Возбужденный не столько вином, сколько игрой на скрипке и приятной беседой, Вадковский смотрел в лицо Шервуда доверчивым блестящим взглядом.

Шервуд тронул внутреннюю бархатную обивку футляра крепкими, покрытыми веснушками пальцами.

— В ящичке, вероятно, канифоль?

Вадковский засмеялся.

— А вот и не угадали!

Подали кофе. Вадковский наполнил прозрачные чашечки.

— Сейчас велю подать коньяку.

Он хлопнул в ладоши, но слуга не появился. Вадковский сам пошел за коньяком.

Момент — и футляр в руках Шервуда. Крышечка от бокового ящичка поднята… Под ней желтая канифоль… А это?

Крепкие веснушчатые пальцы схватили белый листок. Имена, имена: Волконский, Пестель, Юшневский, Басаргин, Давыдов, Барятинский, Поджио, Охотников, Лихарев и еще… еще…

Глаза впились в фамилии, но мозгу не запечатлеть всех… Послышались шаги.

Футляр в сторону, а клочок бумаги под рубашку, в медальон с портретом девушки…

Заперев дверь на ключ и плотно завесив окна, Шервуд открыл медальон.

— Теперь уж скоро-скоро я буду не только унтером Украинского полка. За этот листок меня наградят так, как умеют награждать русские цари за оказанные им услуги. Если грубый конюх Бирон мог сделаться здесь правителем государства, то я, Шервуд, не глупей его. Я тоже далеко пойду!

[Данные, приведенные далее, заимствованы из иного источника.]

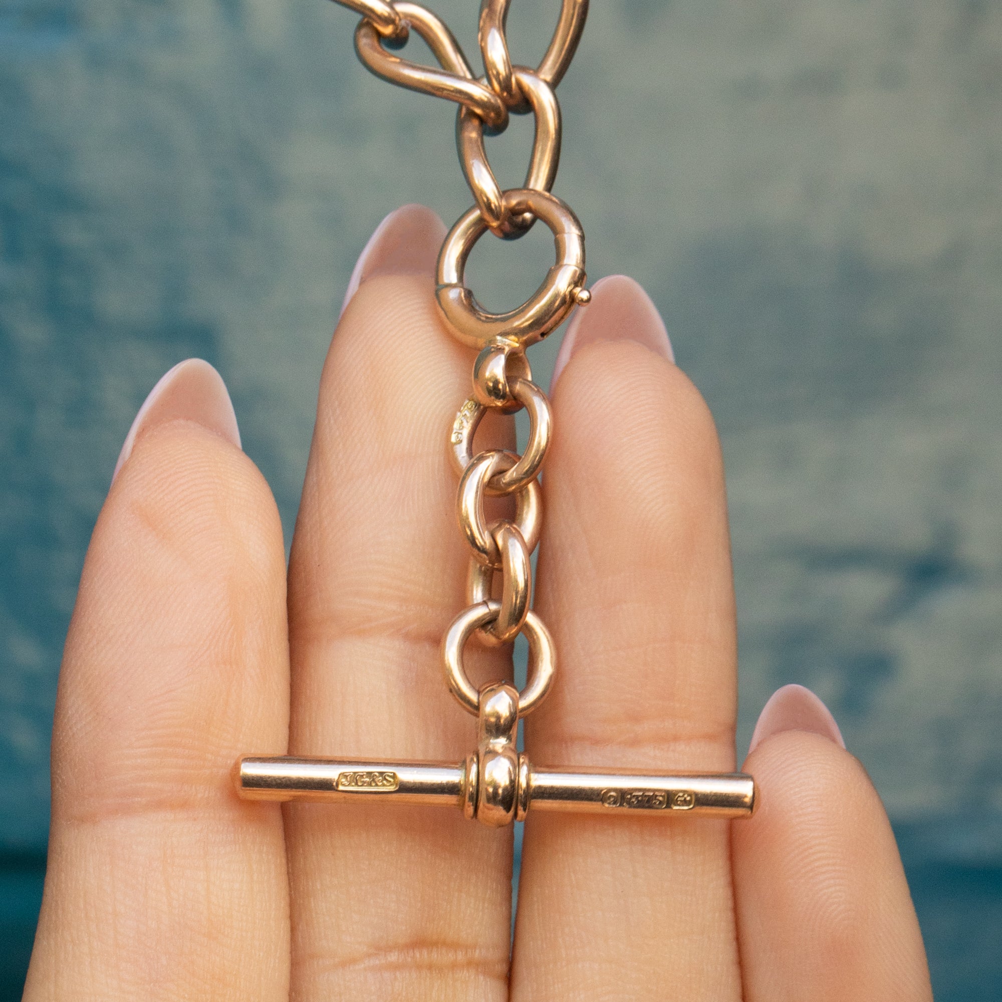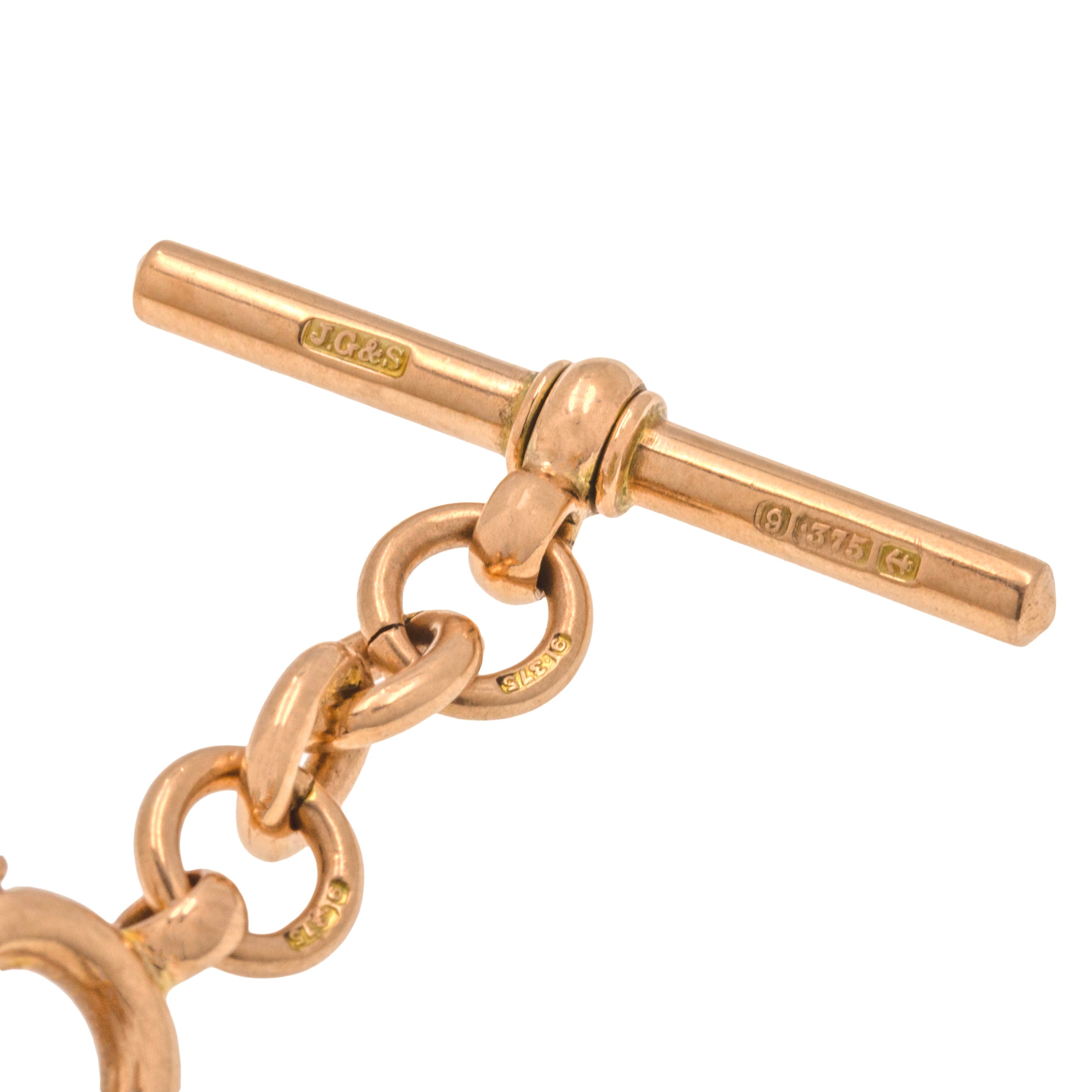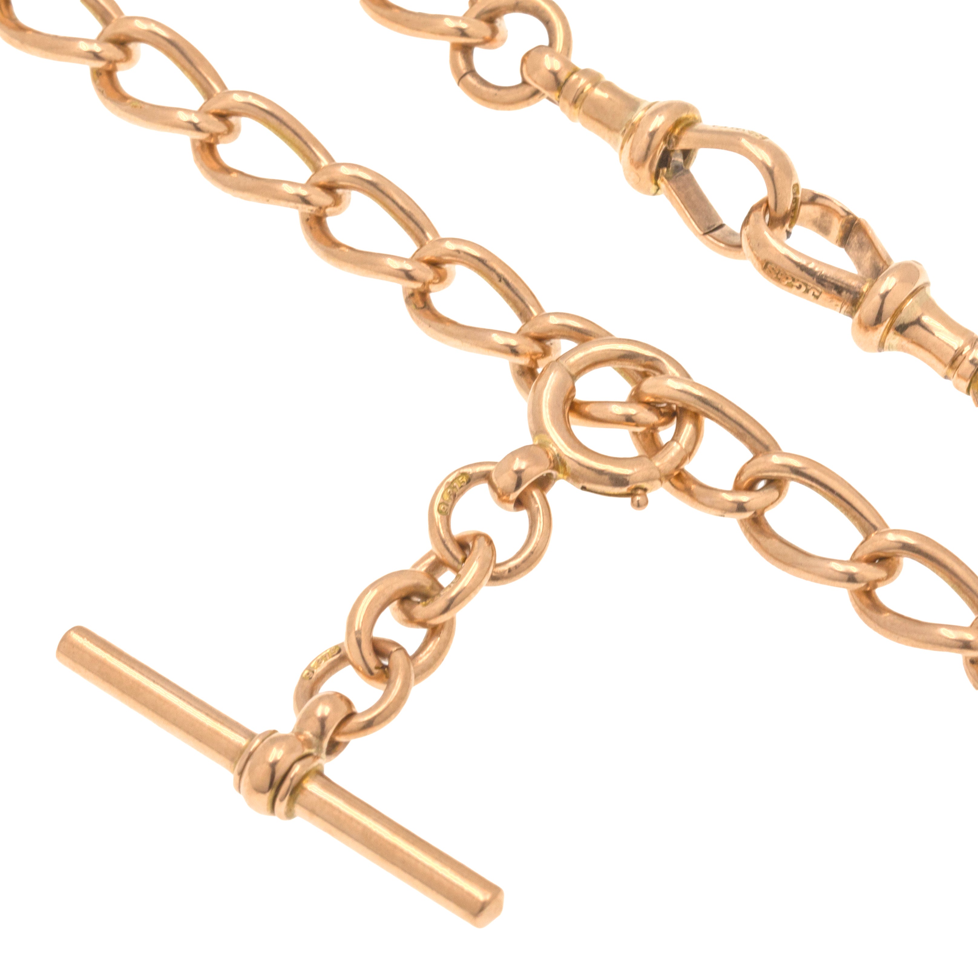 15.5インチ アンティーク 9ct ゴールド アルバートチェーン、マッチング ドッグクリップ、取り外し可能なTバー、36.9g

И уж тогда посмотрим, что скажет твой отец, надменный русский самодур, — злобно проговорил вслух Шервуд, еще раз поглядев на хорошенькое личико в миниатюрной овальной рамке, и захлопнул медальон.

15. Незадача

Старшая горничная старой барыни, татарка Куля, советовала девицам умыться чистым снегом в первую утреннюю зарю после поворота солнца на весну. От такого умывания, уверяла она, лицо должно принять на себя всю снежную белизну, а румянец побледнеет лишь тогда, когда зацветут первые розы. Тогда придет время девушкам любить, и уж дело юношей вернуть румянец на их побледневшие щеки. Надо только, чтобы по снегу этому еще не ступала человеческая нога.

Слушая Кулю, барышни смеялись и обещали выскочить на рассвете за чистым снегом. Но в заветную зарю они крепко спали. Только Улинька еще затемно сошла во двор с малого крыльца. Набрав в пригоршню снега, она потерла им свои еще горячие со сна лицо и шею.

Во дворе уже было движение. Несколько распряженных крестьянских лошадей стояли под навесом, а у саней с широкими крыльями возились люди.

«Это не наши, — присматриваясь к их зипунам и высоким шапкам, подумала Улинька. — Должно, из дальних деревень ходоки».

Она обмотала вокруг шеи конец теплого платка и окликнула казачка Гриньку, вертящегося среди приехавших:

— Чьи это?

— Москали из Курской вотчины к барину Василию Львовичу, — переминаясь с ноги на ногу, ответил Гринька. — Я им объясняю, что барин в столицу уехал, а они свое долдонят: «Барина нам надобно».

Гринька подкинул вверх стоптанную баринову туфлю и ловко поймал ее босой, красной, как у гуся, ногой.

Один из мужиков, сухонький старичок, подошел к Уле.

— Врет холоп аль правду баит? — испытующе глядя ей в лицо, спросил он. — Нам и староста сказывал, что уехал, дескать, молодой барин. Да не верим мы. Ведь и по весне, когда приходили, то ж было. Как ни кинемся, все нету… Будь милостива, покличь.

— Да взаправду нет Василия Львовича. Коли согласны, барыне Екатерине Николаевне доложу, — предложила Уля.

Подошли другие мужики, поглядели молча на Улю, обвели глазами многочисленные окна господского дома.

— Вишь, незадача вышла, — обернулся к ним старик. — А когда барина назад ждете?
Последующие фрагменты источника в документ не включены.